To find a value we can treat it as k and do an external table lookup. If the value is not there then k is the value. Otherwise use the value from the table.
- First key in the internal table is the tree the root (hash)
- Persistence should be implemented using go-leveldb
Working with nibbles
- A path in the tree may have an odd or an even number of nibbles.
- We avoid having to deal with parity issues by using hex encoded strings to represent paths.
- Hex encoded strings can represent paths with odd number of nibbles as each hex char represents one nibble (4 bits of data with 16 possible values)
- We avoid working with []byte for paths as it can't represent a path with an odd number of nibbles without padding and special handling.
Node Types
Serialization and implementation nodes
- We use a
shortNode
type to represent both leaf and extension node and branchNode
for branch nodes.
- We use a
nodeContainer
type to provide a type-safe access to nodes.
- We do not need to add a termination flag to value of a short node (as done in eth) as we have a notion of distinct extension and leaf nodes types.
Additional Info
Some of the optimization ideas we use for Merkle trees are from ethereum tries
.
As described above, we use our own different optimizations in some cases. For example, we do not use path prefixed metadata.
More info here:
Find node algorithm
func findNode(r,k,pos,s) (v,err)
- input r: tree root node
- input k: path to value/ (hex encoded nibbles)

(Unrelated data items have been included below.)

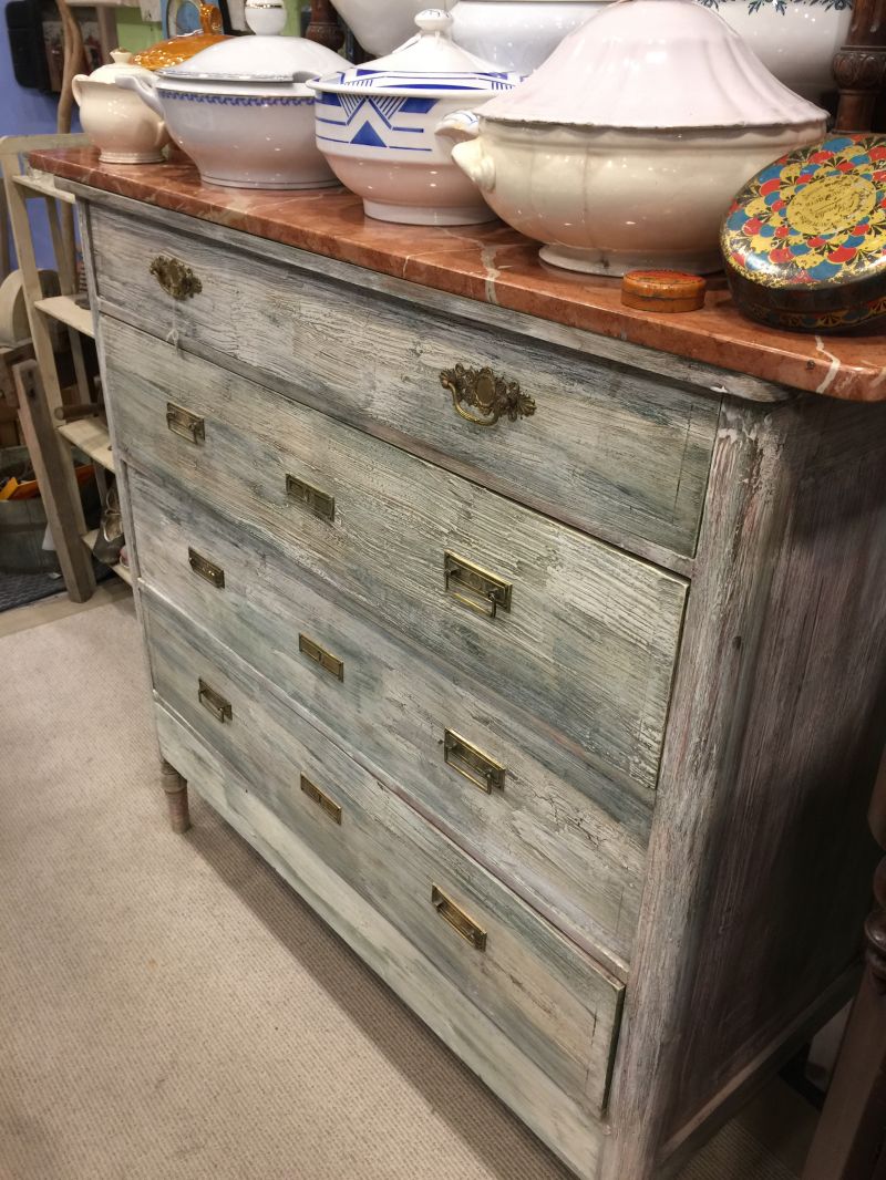 Antigua Comoda Catalana «De La Ditada» Sobre Mármol Blanco, Muy Buen Estado 122 cm X 50 cm x 114 cm.
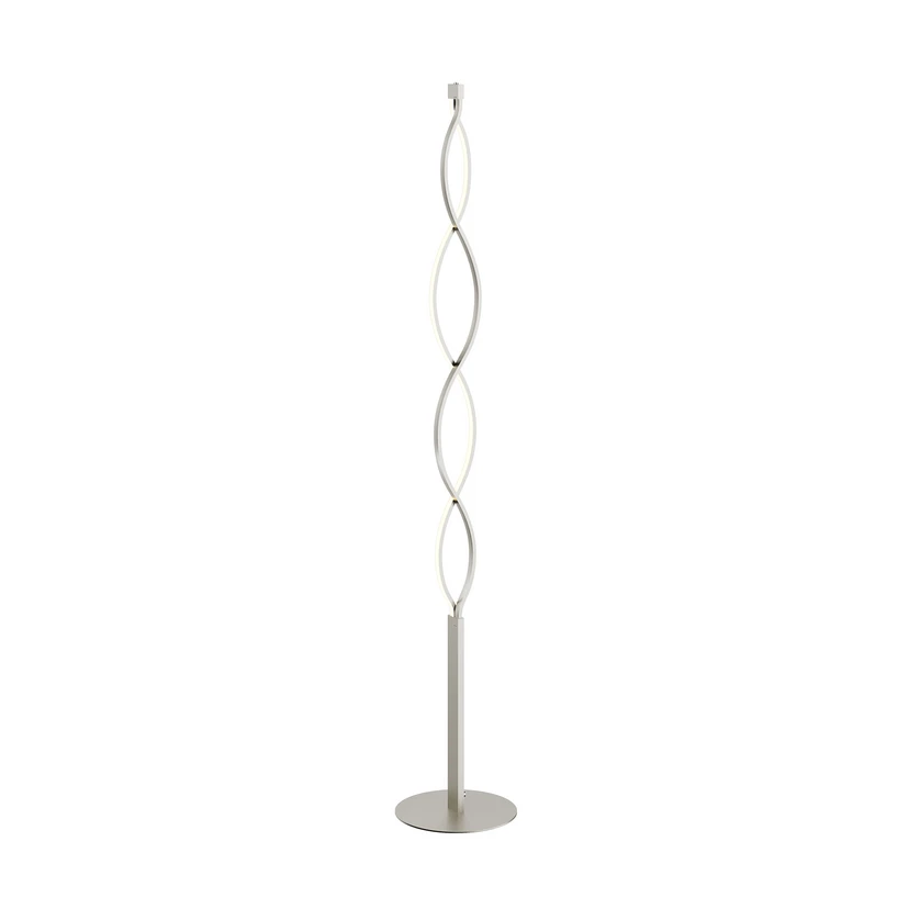The lamp's two wave elements twist around each other in an almost DNA-like structure. One strand is a metal element with a satin nickel finish that matches the rest of the lamp, while the other strand is the light element. The LED light source runs in a band from top to bottom, so the light also takes on a wave-like shape when the lamp is switched on.
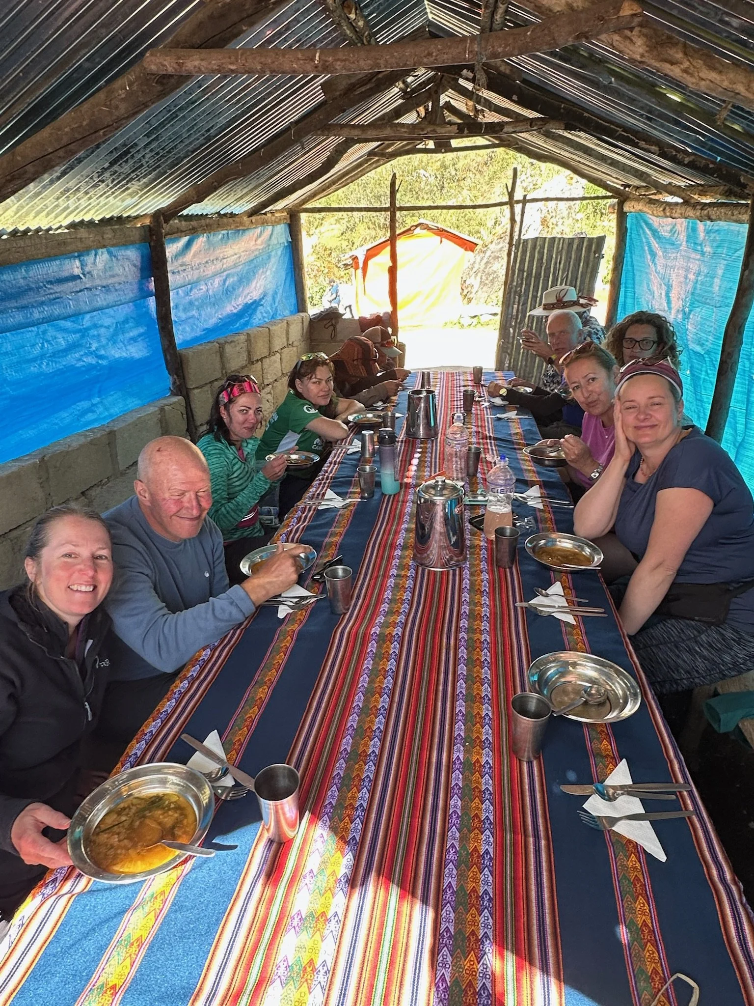 In the afternoon you’ll descend through the cloud forest, a beautiful rainforest ecosystem, in the mountain valley, to the cosy campsite at Chaullay, and a delicious feast to reward you for the day’s efforts.
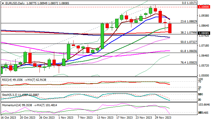 欧元空头在周一全面回归,此前由于美联储主席鲍威尔的讲话,欧元跌至三周低点后出现短暂停顿。 该货币对在美国时段午盘前下跌超过0.5%,突破了1.0818(200日均线)的关键支撑位,将寻求强势跌破该位的
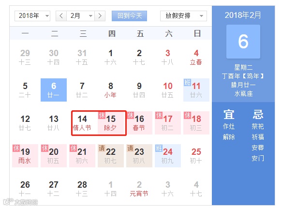 今年情人节是除夕的前一天
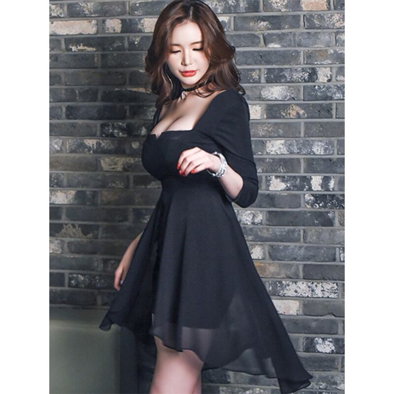 【Fan Styleシリーズ】ワンピース セクシー Aライン スクエアネック ブラック 大きいサイズ L XL 2XL 3XL 4XL
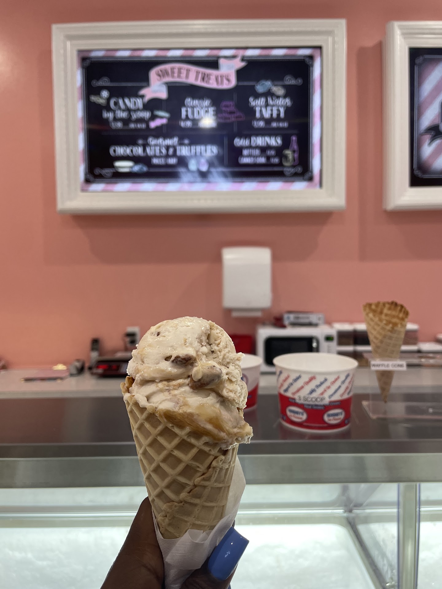We tried the peanut butter pie (single scoop in a waffle cone), classic vanilla (also in a waffle cone), and a double scoop combo of mint moose tracks and chocolate chip cookie doughâevery bite was delicious! The flavors were rich, creamy, and perfectly balanced. The waffle cones were crisp and fresh, making everything that much better.
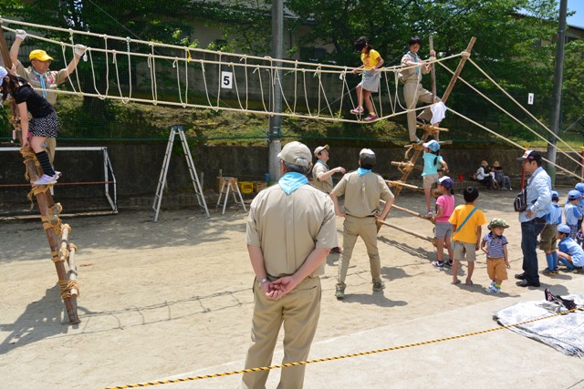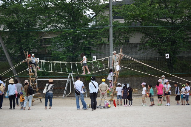 5月24日に千二小学校の千二カーニバルで奉仕活動をしました ロープを使った大型建造物 "モンキーブリッジ" とくに怪我などもなく無事に終えることができました

- input pos: number of nibbles matched in path to value
- in/out s: path to node with value if found or of nodes to where node with value should have been if not found
- output value: nil if not found, []byte otherwise
Implementation:
- if r is nil return nil
- load r children from store to memory
- push r to s
- if r is branch then...
- if the whole path k matched then return value stored in r
- if r has a child for last nibble of k then return findNode(child,k,pos+1,s) else return nil
- else if r is ext node then...
- let p be partial path encoded in r
- if len(k)-pos < len(p) || path != k[pos:pos+len(path)] return nil
- let c be the child node pointed by p
- return findValue(c,k,pos+len(p),s)
- else if r is a leaf node then...
- let p be the partial path encoded in r
- if len(k)-pos < len(p) || path != k[pos:pos+len(path)] return nil
- found - return value(p)
Delete node algorithm
Algo 1 - func delete(k)
- input k: path to value - hex encoded value
Implementation:
- let s be a new nodes tack and r the tree's root node
- call findNode(r,k, 0, s)
- if result not found return err
- s now has the path to the node which is holding that value
- the node in s.top is the node to delete or to update
- call deleteNode(k,s)
func deleteNode(k,s)
- k: path to node to delete
- s: nodes path from root to node to be deleted/updated
- s.root - node to delete or update
Implementation:
- let lastnode = s.pop()
- if lastnode is nil return nil
- let parentnode = s.pop()
- if parentnode is nil then lastnode is a root leaf node - remove it from tree and return nil
- if lastnode is a branch node then it is holding the value to be removed from the tree
- set value to nil and return
- else lastnode is a leaf node and its parent is a branch...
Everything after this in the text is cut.